2.2. Data collection

All identified cases of BPP were reviewed in detail by trained research nurses was prior experience in this field using a data collection tool previously described.[18,19] Information collected included sociodemographic data, pre-existing comorbid conditions, and prescription drug history, lifestyle factors (e.g., smoking status, alcohol intake, illicit drug use), and clinical data (e.g., chest radiograph findings, antibiotic treatments). We classified antibiotic treatments according to whether or not they were concordant or discordant with clinical practice guidelines for the empiric treatment of CAP.[20,21]

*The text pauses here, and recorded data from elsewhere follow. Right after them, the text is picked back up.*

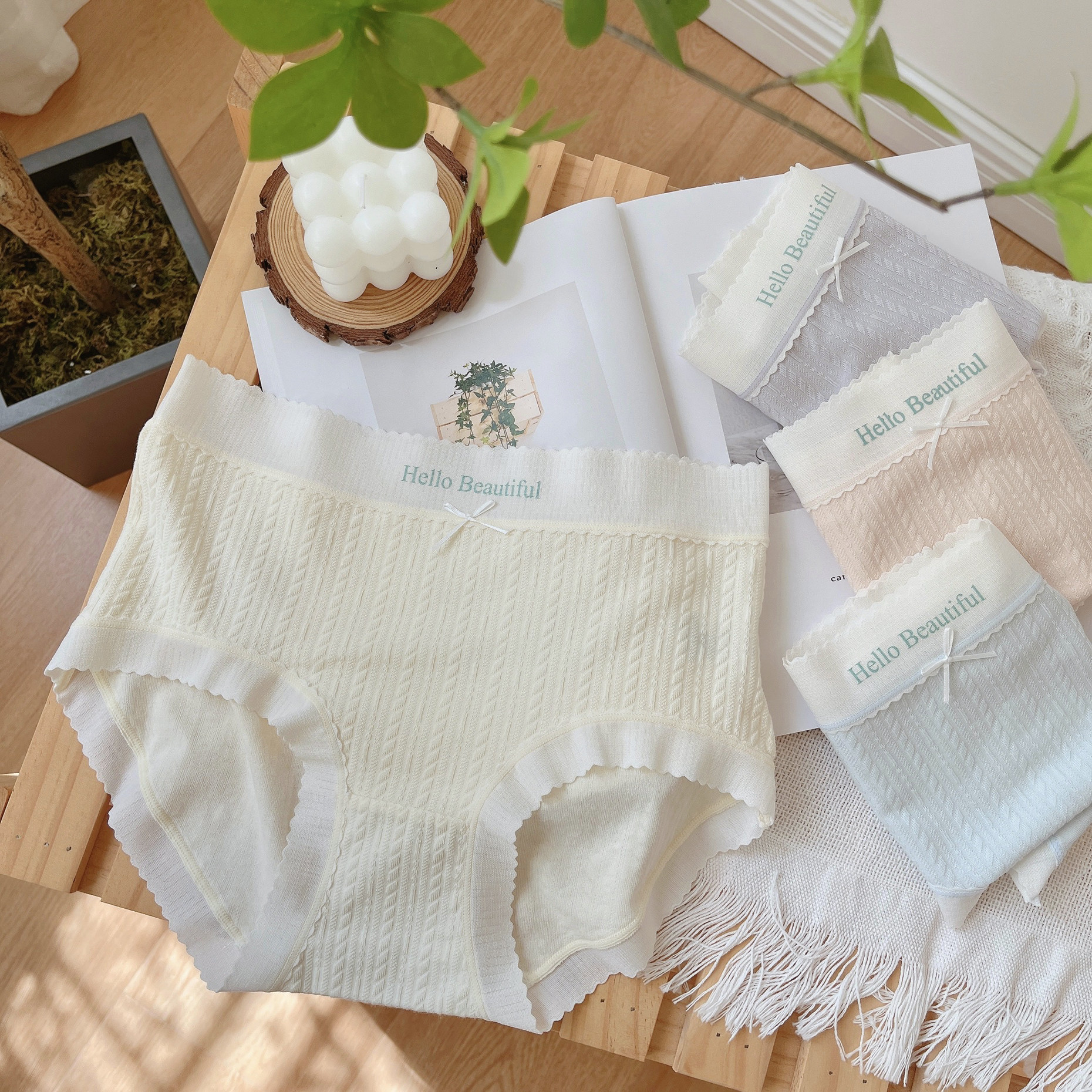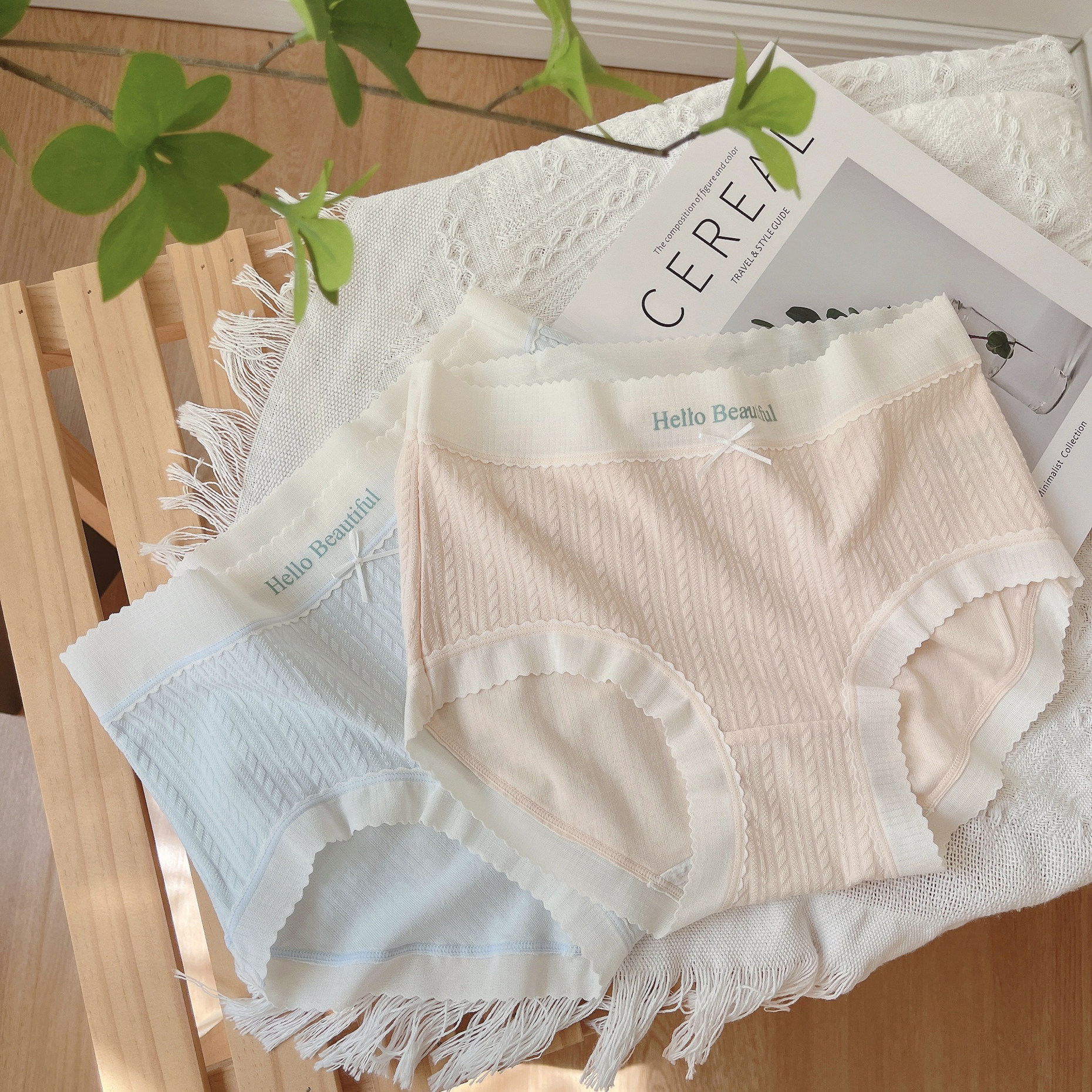 【杏仁奶酥】奶油系温柔甜美麻花内裤女蝴蝶结中腰包臀纯棉抗菌裆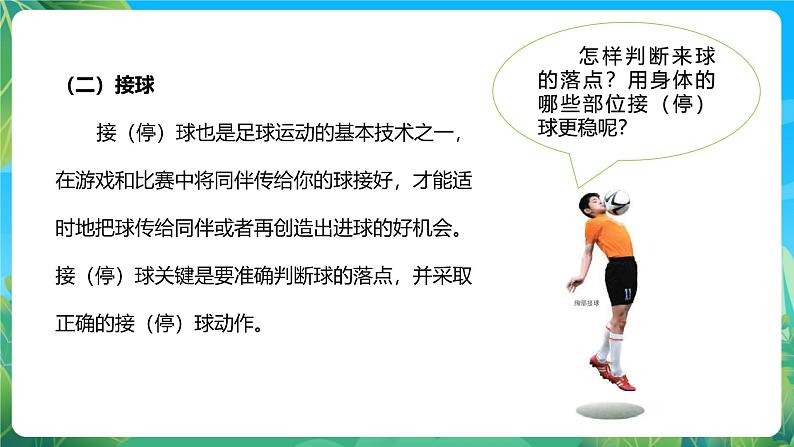 (二)接球 接(停)球也是足球运动的基本技术之一,在游戏和比赛中将同伴传给你的球接好,才能适时地把球传给同伴或者再创造出进球的好机会。接(停)球关键是要准确判断球的落点,并采取正确的接(停)球动作。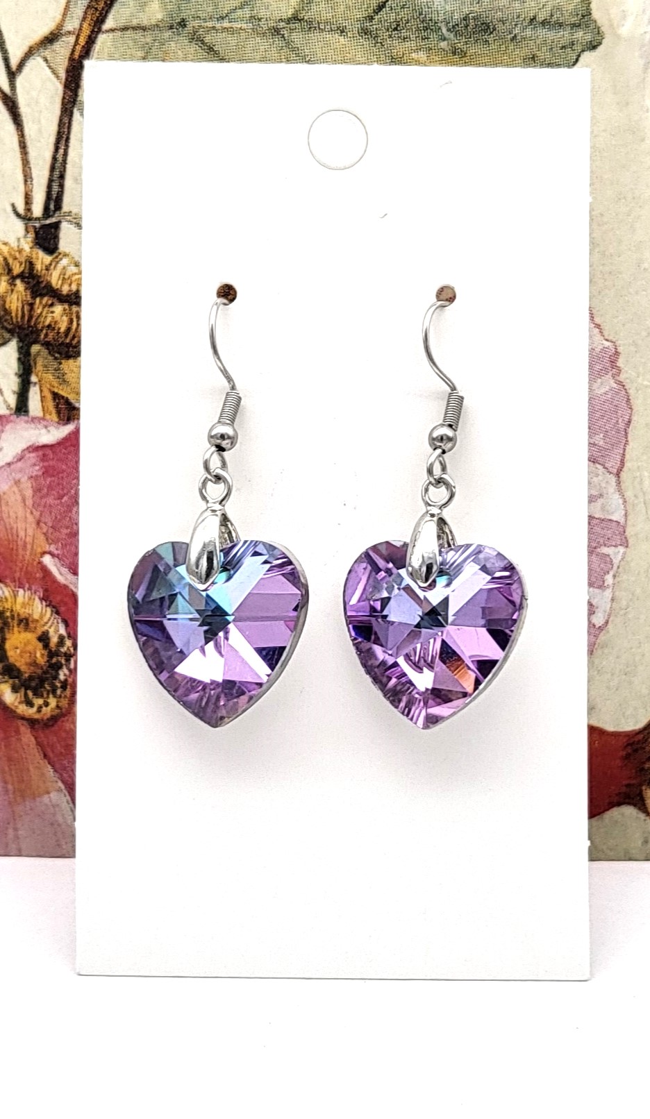 een blinkende hartvormige kraal in zacht paars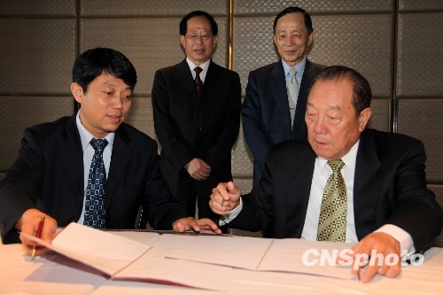 5月20日,在首度訪臺的海峽兩岸農(nóng)業(yè)交流協(xié)會名譽(yù)會長危朝安(后排左)和臺灣二十一世紀(jì)基金會董事長高育仁見證下,雙方代表簽訂2010年合作備忘錄,將在年內(nèi)合作舉辦“第二屆兩岸鄉(xiāng)村座談”等活動,深化兩岸農(nóng)業(yè)、基層農(nóng)民交流。 中新社發(fā) 董會峰 攝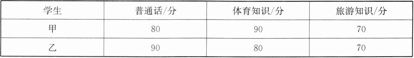 6. 学校要从甲、乙两名学生中选拔一人参加运动会志愿者工作,选拔项目为普通话、体育知识和旅游知识,并将成绩依次按$4:3:3$计分.两人的各项选拔成绩如下表:

2.3. Streptococcus pneumoniae characterization

Optochin susceptibility and bile solubility assays were used to confirm that isolates were S pneumoniae.[14,15] Serotyping of all isolates was performed using the Quellung reaction[22] and grouped according to previous literature into: low CFR serotypes (1, 4, 5, 7F, 8) versus high CFR serotypes (3, 6A, 6B, 9N, 9V, 12F, 14, 19A, 19F, 22F, 23F).[12,23] All “other” serotypes identified from cases in our survey (2, 7C, 9L, 10A, 10F, 11A, 11B, 11F, 13, 15A, 15B, 15C, 16F, 17F, 18A, 18B, 18C, 18F, 20, 22A, 23A, 23B, 28A, 29, 31, 33A, 33F, 34, 35A, 35B, 35C, 35F, 37, 38, 40, 42) were subsequently classified as high CFR category because there were similar patient characteristics and nearly identical CFRs as observed with the high CFR serotypes (22% in high CFR serotypes vs 17% in low CFR serotypes). Supplementary Tables 1 to 3, present a stratification of all pneumococcal serotypes into vaccine-related or nonvaccine related serotypes, respectively.

2.4. Outcomes

Our primary outcome of interest was in-hospital mortality. The secondary end-point of interest was any major in-hospital complication, defined as the presence of 1 or more of need for mechanical ventilation, acute respiratory distress syndrome not needing mechanical ventilation, major adverse cardiovascular events (MACE, including unstable angina, myocardial infarction, heart failure, or cardiac arrest), liver failure, acute kidney injury, stroke, seizure, or acute aspiration associated with the presenting illness. All outcomes were obtained by detailed chart review and adjudicated by medical experts as previously described.

2.5. Statistical analysis

Descriptive data using appropriate statistical tests were undertaken. Adjusted odd ratios were estimated using multivariable logistic regression. All potential prognostic variables listed in Table 1 were adjusted for in our analysis with exception to the Charlson Comorbidity Index.[26] The c-statistic (area under the receiver-operating characteristic) was used to describe overall predictive model accuracy and the Hosmer–Lemeshow test statistic was used to assess the model's goodness-of-fit. All analyses were performed with Stata SE, version 12.1 (Stata, College Station, TX).

Table 1.

Characteristics of 1636 adult patients with bacteremic pneumococcal pneumonia, stratified by mortality.

2.5.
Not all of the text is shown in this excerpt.